Acho que precisamos:

 

• mais coragem na forma e na estrutura , a vontade de escrever muito, de escrever de forma estranha, de resistir à brevidade sedutora de uma “nota” e confiar que o que realmente ressoa sobreviverá ao que apenas circula.

 

• mais lentidão no processo , para repensar, para reescrever, para deixar o silêncio funcionar como uma forma de pontuação, lembrando que a visibilidade é uma droga e a paciência uma arte em extinção.

 

• mais atrito no pensamento , a coragem de nos desafiarmos, de deixar as perguntas em aberto, de deixar a ambiguidade cantarolar em vez de martelar o leitor com conclusões.

 

• mais arte no ritmo , para ouvir a música da sintaxe, para fazer as frases respirarem, para buscar vivacidade em vez de mera clareza.

 

• mais coragem no gosto , para compartilhar o que realmente nos obceca, mesmo quando está fora de moda, para criar gosto em vez de bajulá-lo, para escrever não para o consenso, mas para os poucos que sentirão o tremor do reconhecimento e o seguirão até o fim.

 

Porque sim, ainda existem leitores que anseiam pela coisa real. Aqueles que não se encolhem diante da densidade nem se afastam no primeiro parágrafo longo, que preferem ser perfurados a acariciados. Eles leem até o fim, através de digressões, através de sintaxe difícil, através de ideias que não se resolvem perfeitamente. São o tipo de leitor que dobra as páginas, que copia frases à mão, que sente uma espécie de reverência quando uma linha os interrompe no meio da respiração. Eles querem ser perturbados, não mimados; eles querem que o texto responda, argumente, seduza e resista em igual medida. Esses são os leitores que se demoram no parágrafo que não faz sentido imediato, mas os assombra mais tarde no chuveiro, que não sentem prazer em concordar, mas em reconhecer a complexidade. Eles entendem que uma frase, quando viva, pode seduzir mais profundamente do que um slogan, que a escrita de verdade não apenas bajula o eu, mas altera a química do pensamento, mudando algo subterrâneo e irreversível, da mesma forma que a luz muda a cor de uma sala sem mover um único objeto.

 

São eles que relerão a mesma linha até que ela faça sentido, que preferem lutar com uma ideia do que passar por ela, que não tratam a leitura como consumo, mas como namoro... lento, imprevisível e que vale cada momento de confusão.

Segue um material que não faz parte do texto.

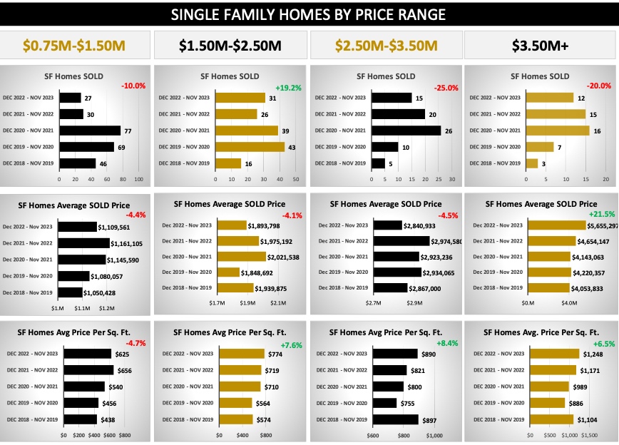 $2.5M – $3.5M: 16 Single Family Homes sold at Average Price per sq. ft. of $914.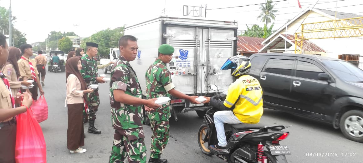 Gorontalo, 8 Maret 2026 — Personel Koramil 1315-01 Telaga bersama Anggota Saka Wira Kartika melaksanakan kegiatan pembagian takjil kepada masyarakat sekitar. Kegiatan mulai pukul 17.00 Wita di depan Koramil . . . 0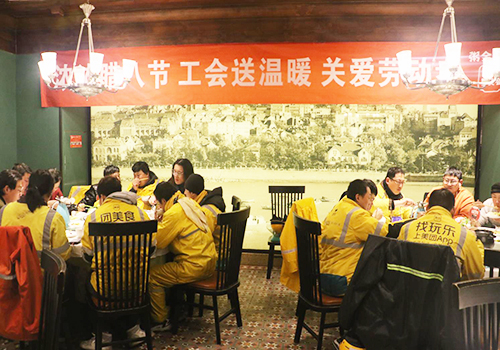 據(jù)了解,本次活動共向100余名環(huán)衛(wèi)工人、快遞員等新就業(yè)形態(tài)勞動者送上了臘八粥,此外還準(zhǔn)備了包子和熱菜。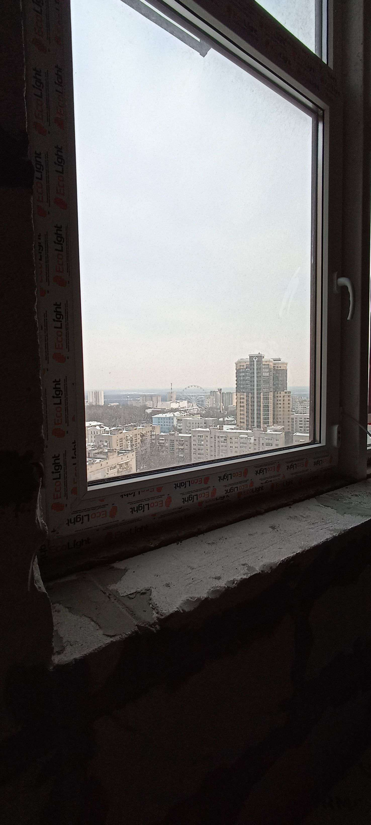 Вид из окна на город.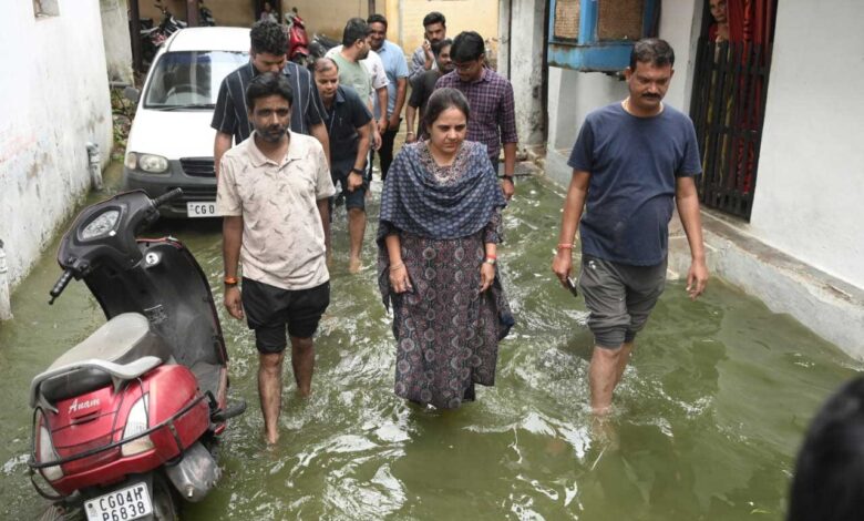 रायपुर. राजधानी में रातभर बारिश से प्रोफेसर कॉलोनी समेत निचली बस्तियों में जलभराव से परेशान लोगों ने आज सुबह नेशनल हाईवे पर चक्काजाम कर समस्या का स्थायी समाधान करने की मांग की. चक्काजाम के बाद रायपुर महापौर मीनल चौबे और आयुक्त विश्वदीप ने पार्षदों और जोन अधिकारियों के साथ जोन 5 और जोन 6 क्षेत्र में कुकरीपारा, प्रोफेसर कॉलोनी, परशुराम नगर सहित अन्य निचले क्षेत्रों में पहुंचकर जलभराव की समस्या का जायजा लिया.

Eles podem ficar quietos. Podem nunca empilhar ou comentar. Mas quando encontram algo vivo, eles retornam. Eles releem. Eles lembram. Essa é a única viralidade que importa, o tipo de viralidade que permanece na corrente sanguínea, não na caixa de entrada.

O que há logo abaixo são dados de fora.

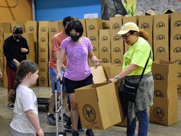 Yellow Cappers are long-time JRA volunteers with crucial jobs in the warehouse during monthly Food Distributions and serve as JRA ambassadors in the community. From restocking assembly lines to controlling traffic to organizing the volunteer refreshments, these volunteers have committed to attending at least 8 Distributions a year and you can identify them by their yellow shirts and caps!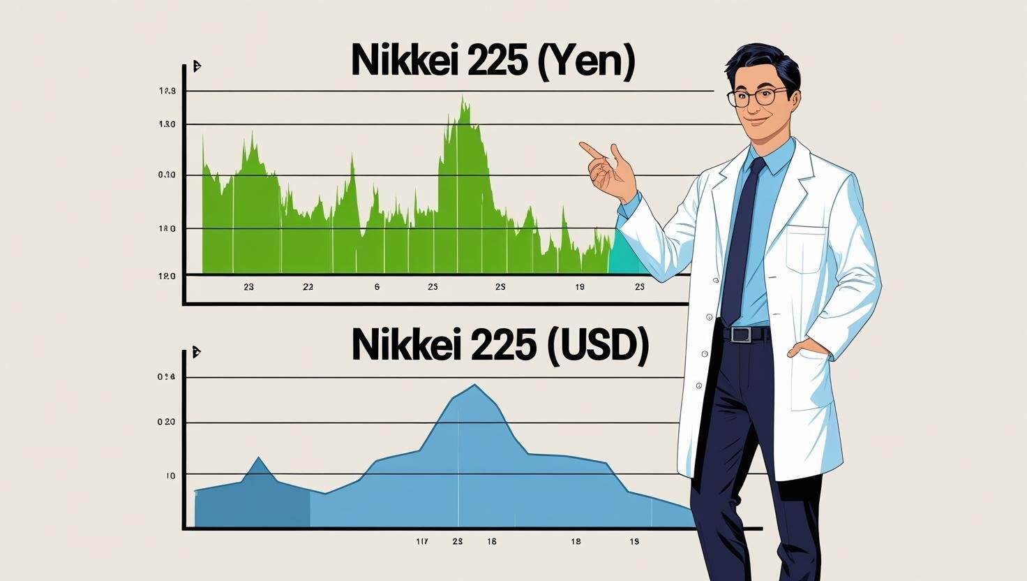 例えば、日経平均が40,000円で、1ドル150円であれば、ドル建て日経平均は「266.6ドル」となります。もし円高が進み1ドル130円になれば、同じ40,000円でも「307.7ドル」に上昇します。逆に、円安が進み1ドル160円になれば、「250ドル」に下落します。

Se você escrever, em qualquer lugar, pergunte-se: Quem você está tentando alcançar? Não demograficamente. Não algoritmicamente. Mas humanamente, naquele sentido antigo e elétrico de uma mente tocando a outra através da escuridão.

Você está tentando ser visto? Ou você está tentando ver ?

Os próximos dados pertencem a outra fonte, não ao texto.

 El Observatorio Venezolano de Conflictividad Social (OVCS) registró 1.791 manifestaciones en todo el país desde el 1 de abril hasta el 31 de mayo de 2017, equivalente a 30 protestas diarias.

Porque se for o último, você terá que aceitar o exílio como parte do ofício. Você terá que correr o risco de ser mal interpretado, correr o risco de soar estranho, correr o risco de escrever frases que não viram moda, mas que se inscrevem na memória do leitor. Você perderá a multidão, mas ganhará o eco duradouro, o tipo de eco que retorna meses depois, sem ser convidado, quando alguém não consegue dormir e de repente se lembra de uma linha que você escreveu. Essa é a diferença entre conteúdo e literatura: um preenche um feed; o outro assombra uma vida.

Escreva como se importasse, porque importa. Alguns de nós ainda LÊEM, não rolando a página, traçando o formato das palavras muito depois de o algoritmo as esquecer. Escreva como se o mundo ainda merecesse a linguagem.